ルカによる福音書 15:1~7
「徴税人・罪人たち」が、主イエスのみ言葉を聞くためにみもとに集まってきた様子が今日のみ言葉に描かれています。この人たちは、社会の最底辺の人たちで、とくにファリサイ派・律法学者などの指導者たち律法を守らぬ汚れた者としてして蔑まれていました。
主イエスが、「彼らと食卓をともに」というのは、指導者たちからすればありえない光景でした。このときすでに「ラビ」(教師)と認められていたであろう主のされるべきことではなかったのです。そして「この人は罪人たちを迎えて食事まで!」と驚きをまじえて不平を言い出したのです。
「罪人たち」は、指導者たちには行くことができませんでしたが、主イエスのお招きの声に心うたれて、父なる神のご愛に聞き入っていたのです。なにも誇るものはありませんでしたが、神のご愛が「心の貧しい」人たちにこそ注がれていると言うことを聞き、集まってきたのです。
考えて見れば、人が誇りとするもので、与えられたなかったものはありません。人の究極の真実は、ただ神の不思議な・無条件の顧みによります。その意味では、ファリサイ派も律法学者たちも変わるところがありません。そして私たちもそうです。主イエスの十字架に示された神のご愛こそが、私たちの歩みの揺るがぬ土台です。
「見失った羊のたとえ」は、そんな不思議な神のご愛を教えています。いなくなった一匹の羊。持ち主は、九十九匹を荒野に残してまでも、その一匹を捜し回らないであろうか、と主は言われます。そこでは、九十九匹対一匹ではなく、一匹対九十九匹で考えられているようです、前者ですと、一匹は仕方のないロスとして取り扱われるでしょう。後者ですと天秤にかけての判断ではなく、「一匹」が大切な存在のなのだ、ということです。つまりたとえ「徴税人・罪人」と呼ばれていても、彼らはそれぞれの「一匹」で、神の目には、かけがえのない存在であるということが言われているのです。

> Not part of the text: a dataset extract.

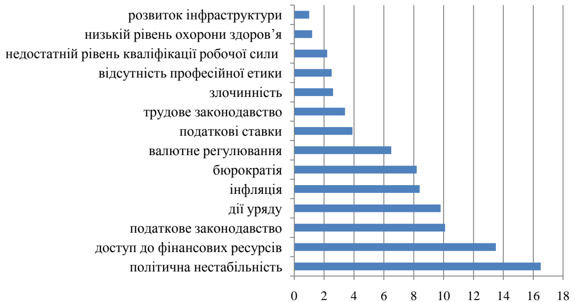
Рис. 2. Характеристика факторів, що заважають розвитку бізнесу в Україні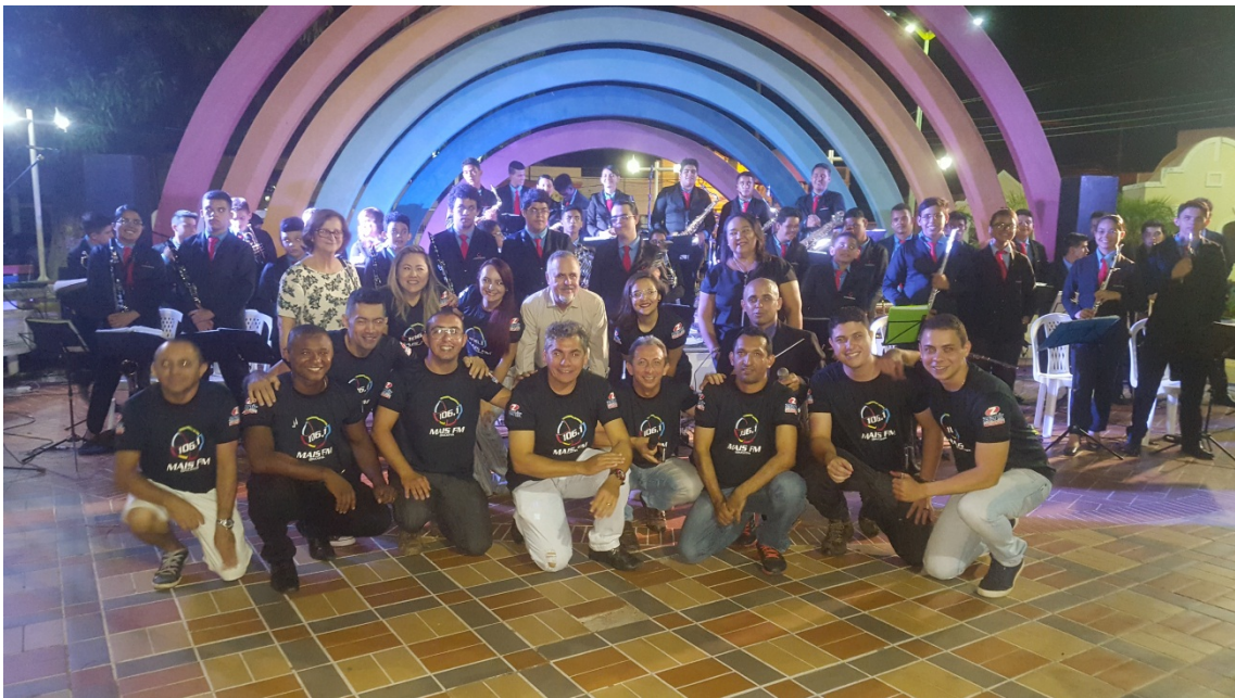
Para finalizar, um registro da equipe da Rádio Mais Fm e a Orquestra Filarmônica Estrelas da Serra

私たちもまた神のみまえにあって、私たちの事情がどうであれ、かけがえのない存在であることをしっかりと自覚しそのことを感謝しましょう。そして私たちが日々出会う近く・遠くの人もそのような存在であることを覚え、真摯に向き合い、神の不思議なご愛を映して歩ませていただきましょう。
「この人は罪人たちを迎えて食事まで一緒にしている」は、指導者たちの非難の言葉えしたが、いみじくも図星で主イエスにある神のご愛を逆説的に言い当てています。